WHAT IS REQUIRED.
Exactly as written, retype the listing below, omitting the pictures.

AVAILABLE DATA.
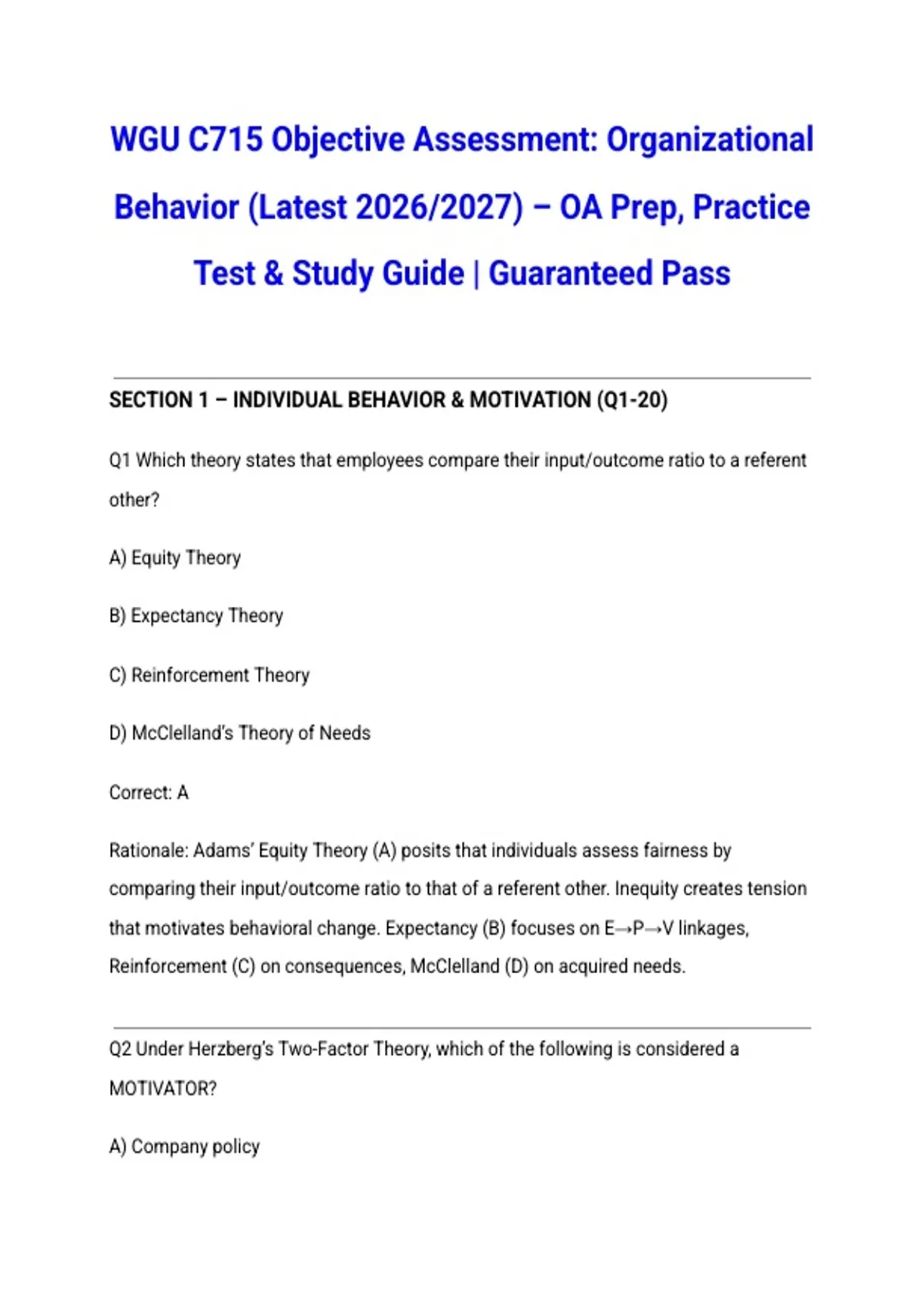 Rationale: Adams’ Equity Theory (A) posits that individuals assess fairness by
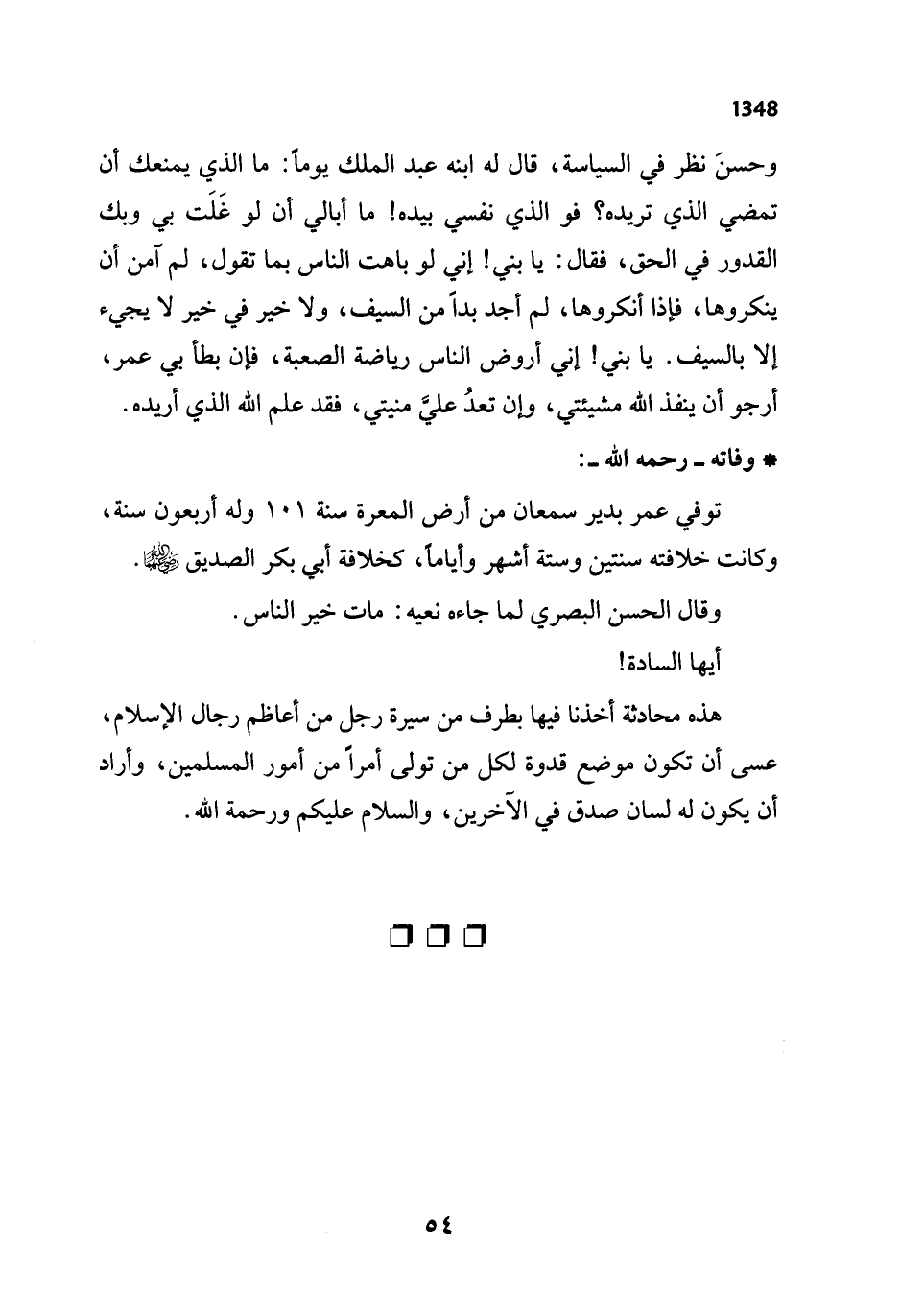 هذه محادثة أخذنا فيها بطرف من سيرة رجل من أعاظم رجال الإسلام، عسى أن تكون موضع قدوة لكل من تولى أمراً من أمور المسلمين، وأراد أن يكون له لسان صدق في الآخرين، والسلام عليكم ورحمة الله.
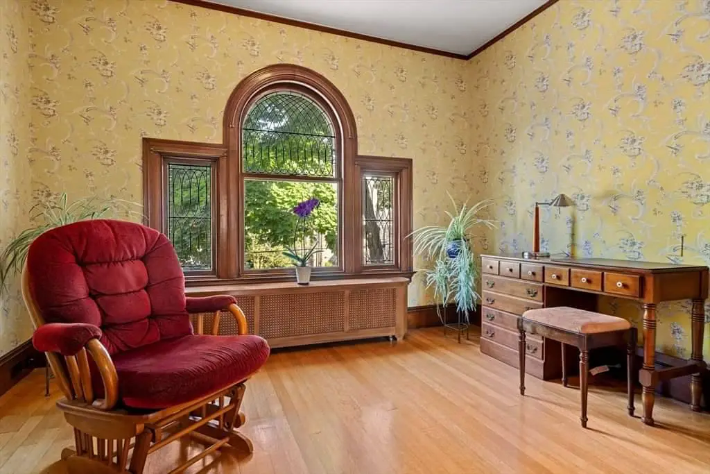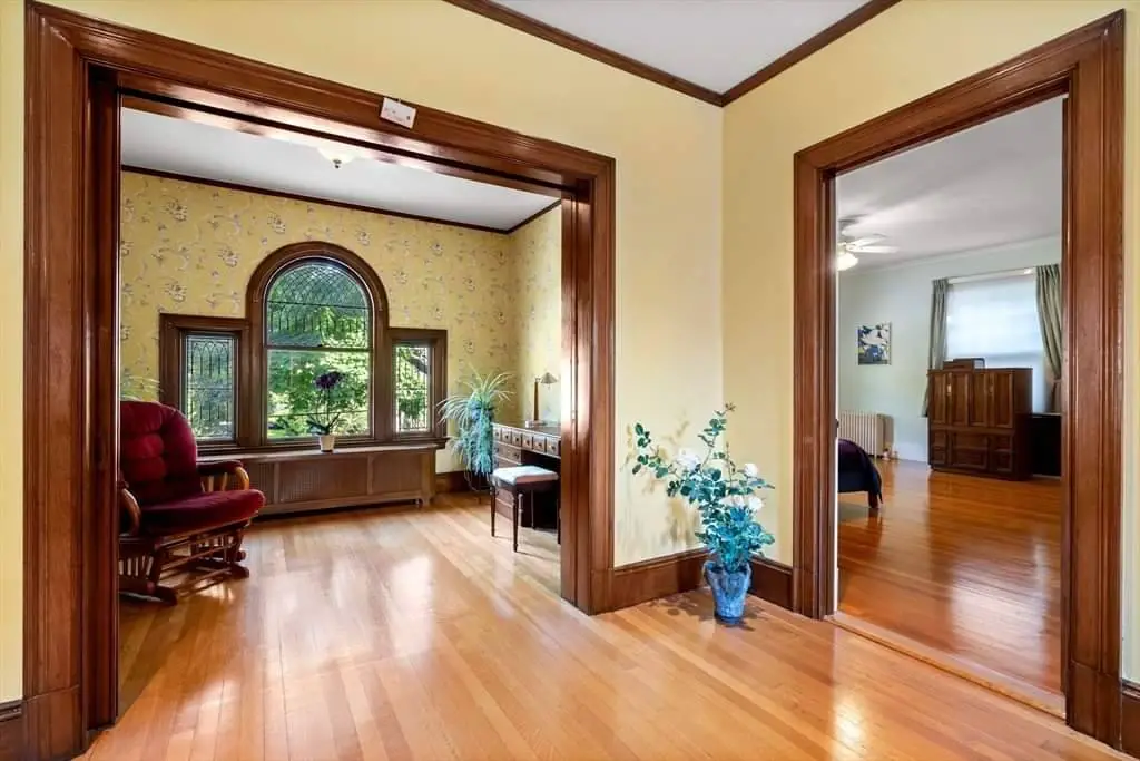 Throughout the house, period details enrich nearly every sightline. Original woodwork remains one of the property’s defining features, and the craftsmanship on display reflects a level of skill rarely achievable today. Stained-glass windows catch the light in surprising and beautiful ways, filling hallways and stairwells with color and shifting reflections. The pocket doors—four in total—are remarkable for their scale and preservation, sliding effortlessly into the walls just as they did in the 1890s. These details, combined with the ornamental trim, paneling, and carved newel posts, create a sensory experience that cannot be replicated with modern construction.

SOLUTION TO THIS PROBLEM.
 Rationale: Adams’ Equity Theory (A) posits that individuals assess fairness by
 هذه محادثة أخذنا فيها بطرف من سيرة رجل من أعاظم رجال الإسلام، عسى أن تكون موضع قدوة لكل من تولى أمراً من أمور المسلمين، وأراد أن يكون له لسان صدق في الآخرين، والسلام عليكم ورحمة الله.
 Throughout the house, period details enrich nearly every sightline. Original woodwork remains one of the property’s defining features, and the craftsmanship on display reflects a level of skill rarely achievable today. Stained-glass windows catch the light in surprising and beautiful ways, filling hallways and stairwells with color and shifting reflections. The pocket doors—four in total—are remarkable for their scale and preservation, sliding effortlessly into the walls just as they did in the 1890s. These details, combined with the ornamental trim, paneling, and carved newel posts, create a sensory experience that cannot be replicated with modern construction.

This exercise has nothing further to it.